GOP paved way for Wilson reprimand
By: Daniel Libit
September 15, 2009 04:39 PM EST

If Rep. Joe Wilson is finding parliamentary procedure to be a bit of a nuisance in the wake of his “you lie” attack on President Barack Obama, he has his Republican forbearers to thank.

On June 26, 1985, Rep. Robert Walker – a Pennsylvania Republican who beat the drum for decorum throughout his 20 years in the House – took issue with Rep. James Traficant for saying that then-President Ronald Reagan had deceived the senior citizens of the United States.

“Is it not a violation of the rules of the House to question the motives of the president and to refer to him as being someone who lies?” Walker asked on the floor.

“The gentleman is correct,” agreed then-Speaker Tip O’Neill . “It is not proper.”

O’Neill ordered that Traficant’s offending remarks be stricken from the record and directed the congressman – subsequently convicted on federal corruption charges – to “revise his remarks.”
Traficant’s toupee wasn’t Walker’s only scalp.

In 1986, Walker demanded that the words of Rep. Ed Markey (D-Mass.) be “taken down” after Markey said that “hypocrisy had characterized” Reagan’s handling of arms control.

Then, on Sept. 24, 1992, Walker went after Rep. Peter DeFazio (D-Oregon) after DeFazio attempted to defend then-Democratic nominee Bill Clinton against House Republican attacks over his memory of the Vietnam era by going after then-President George H.W. Bush’s memory of the Iran-Contra affair.

“Well,” said DeFazio, “it turns out that the president’s recollection of affairs of state a mere six years ago when he was vice president of the United States are contradicted by Secretary [Caspar] Weinberger and Secretary [George] Shultz.”

DeFazio proceeded to read from a Washington Post story:

“New information emerging from court cases and congressional records since Bush last ran for president has cast fresh doubt on his assertion that he was ‘out of the loop’ generally involved in and largely unaware of the most controversial Iran-Contra operations.”
Walker stepped in.

“Mr. Speaker, I demand the gentleman’s words be taken,” he exclaimed. “I demand the gentleman’s words be taken down.”

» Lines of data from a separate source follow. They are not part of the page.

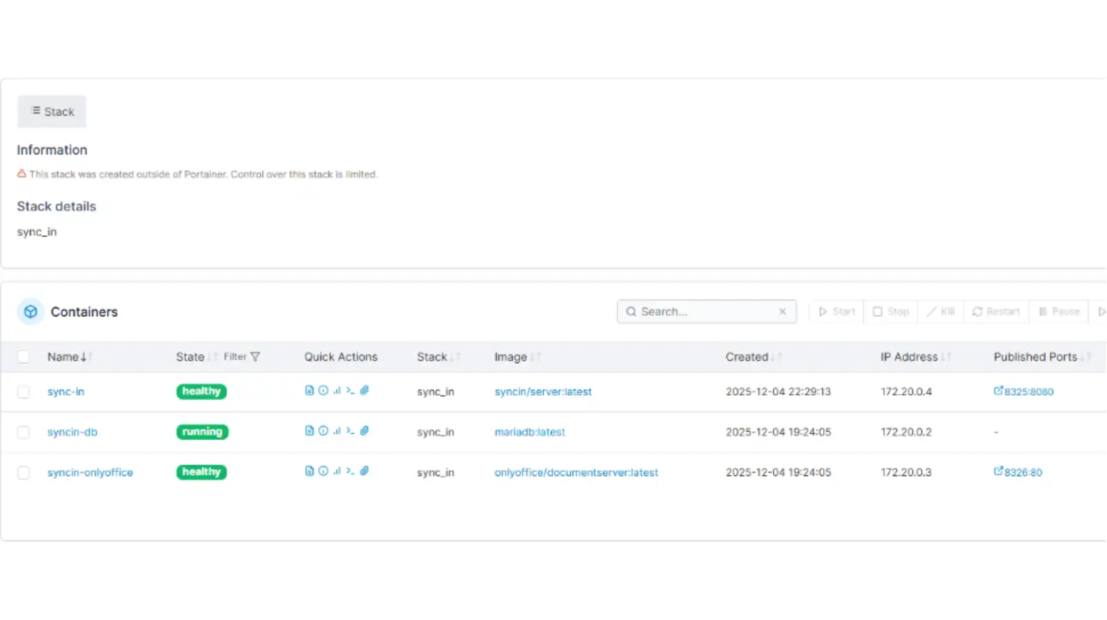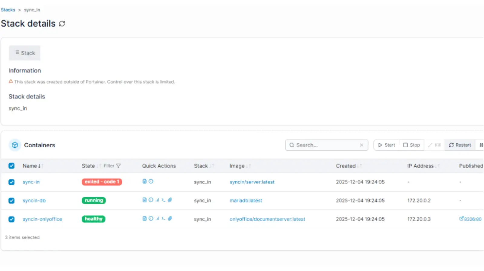 Lors de différents tests d’installation, il est apparu, pour une de mes machines en ZimaOS, que le container sync-in ne pouvait se connecter au yaml de configuration – en indication du journal du container.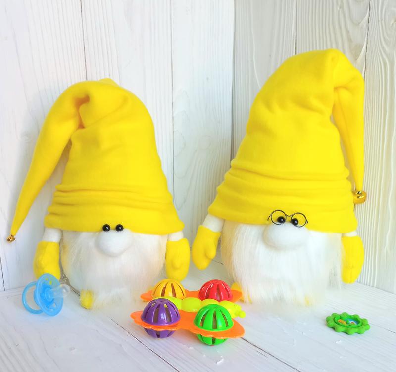 Чарівна парочка гномиків-братиків яскравого жовтого кольору. Чудовий незабутній подарунок, оригінальний презент для діточок: на День народження, хрестини, виписку з пологового, запис в дитячий садочок. Можливе виготовлення одного гномика. Ціна вказана за пару.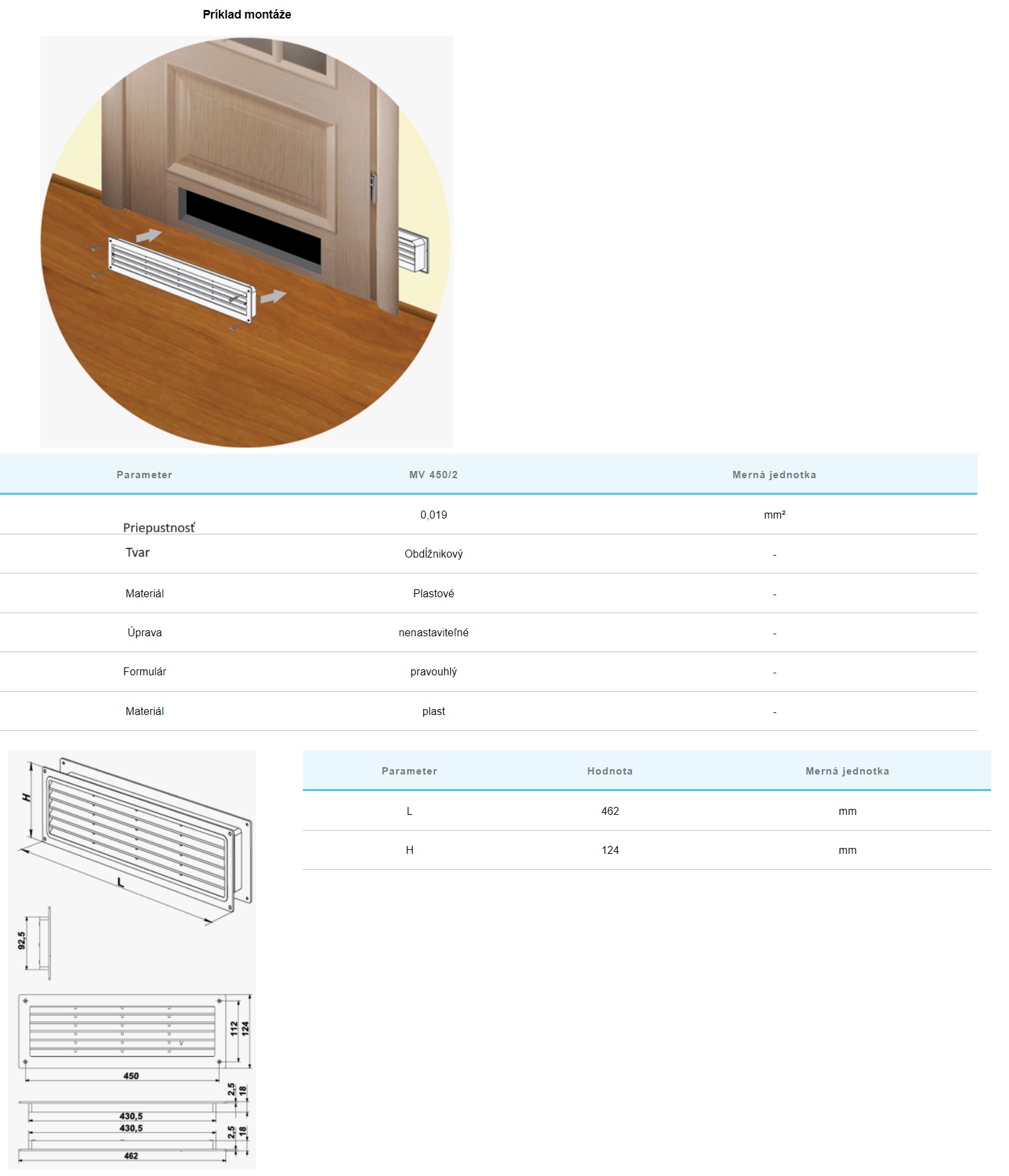 MV450/2 Vetracia plastová mriežka do dverí obojstranná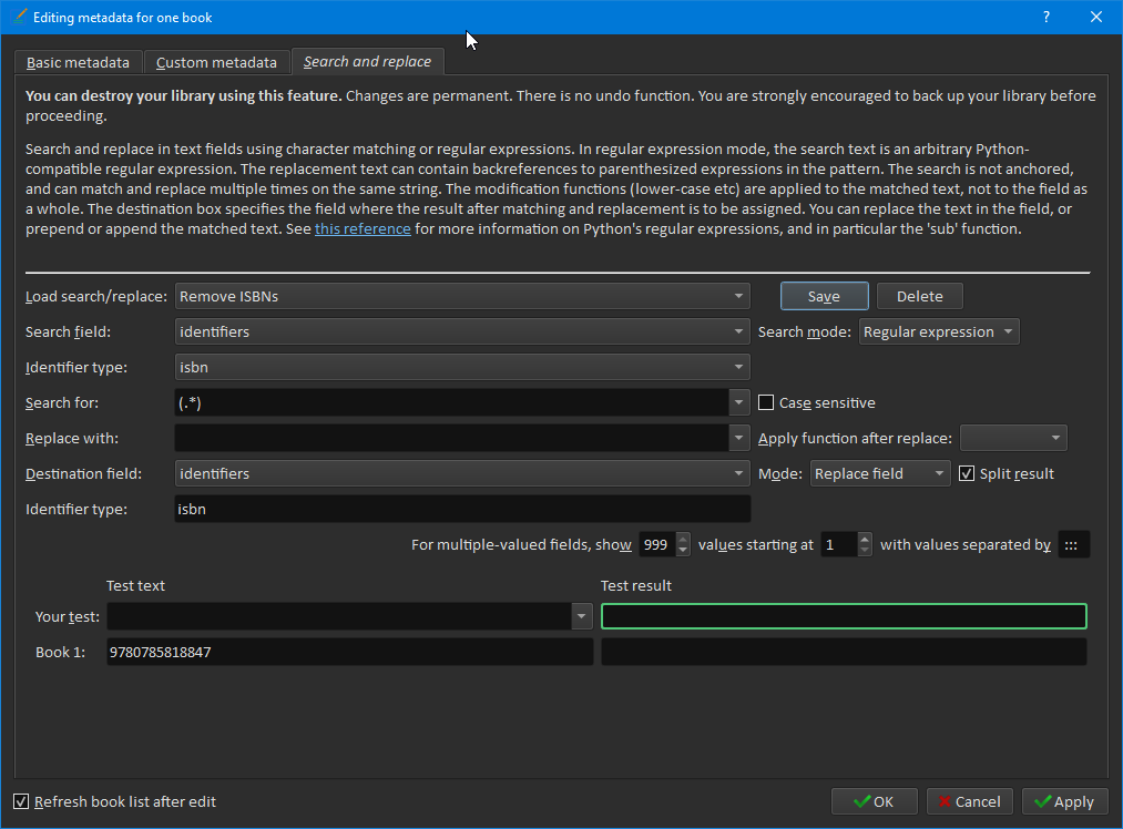 My DB "ISBN" file is corrupted and I would like to delete this data and then run the Extract ISBN Plugin to refresh the data. How do I delete the existing ISBN Data ? and should I? Am I correct saying that the "Identifiers" field shows all the publishers of a particular book and I should delete this field data as well before running the plugin?

As Walker persisted, DeFazio stood his ground.

“I am certainly not going to withdraw the printed quote,” he said, from whence a parliamentary inquiry was conducted.

Ultimately, the speaker pro tempore, former Rep. Ron Mazzoli (D-Kentucky), rendered this judgment: “The chair has ruled that [DeFazio] was out of order on that part of his remarks…If [Walker] wishes to object to any of the other members who may want to read from printed material, the gentleman would be in order, subject to the will of the House.”

The question whether a member could attack the president’s veracity via quoted material emerged again on Nov. 15, 1995, when Republican Rep. David Dreier used a David Broder line to launch an attack on Clinton.

After going through a litany of Clinton statements about balancing the budget, Dreier said: “Looking at those statement that were made by the president, one could not help but think once again of what David Broder referred to in his very famous column back in 1993 as the ‘trust deficit.’”

Dreier was admonished for his statements and told his defense – “I was quoting, Mr. Speaker” – did not make for a suitable excuse.

The prohibition on attacking the president’s integrity dates back to Thomas Jefferson’s Manual of Parliamentary Practice for the Use of the Senate of the United States, which he wrote in 1801. In 1909, the House made his proscriptions the explicit rules of decorum, and has put abridgements of his manual in a pamphlet titled, “Constitution, Jefferson's Manual, and Rules of the House of Representatives.”

It stipulates that: “Personal abuse, innuendo, or ridicule of the president, is not permitted. Under this standard it is not in order to call the president, or a presumptive major-party nominee for president, a ‘liar’ or accuse him of ‘lying.’ Indeed, any suggestion of mendacity is out of order.”

If Wilson has any doubts about the prohibition, he needs only goes back to June 6, 1996, when his current Republican colleague in the South Carolina delegation, Rep. Bob Inglis, was holding the gavel.
“The chair admonishes members not to refer to the president in terms personally offensive,” Inglis told the House that day.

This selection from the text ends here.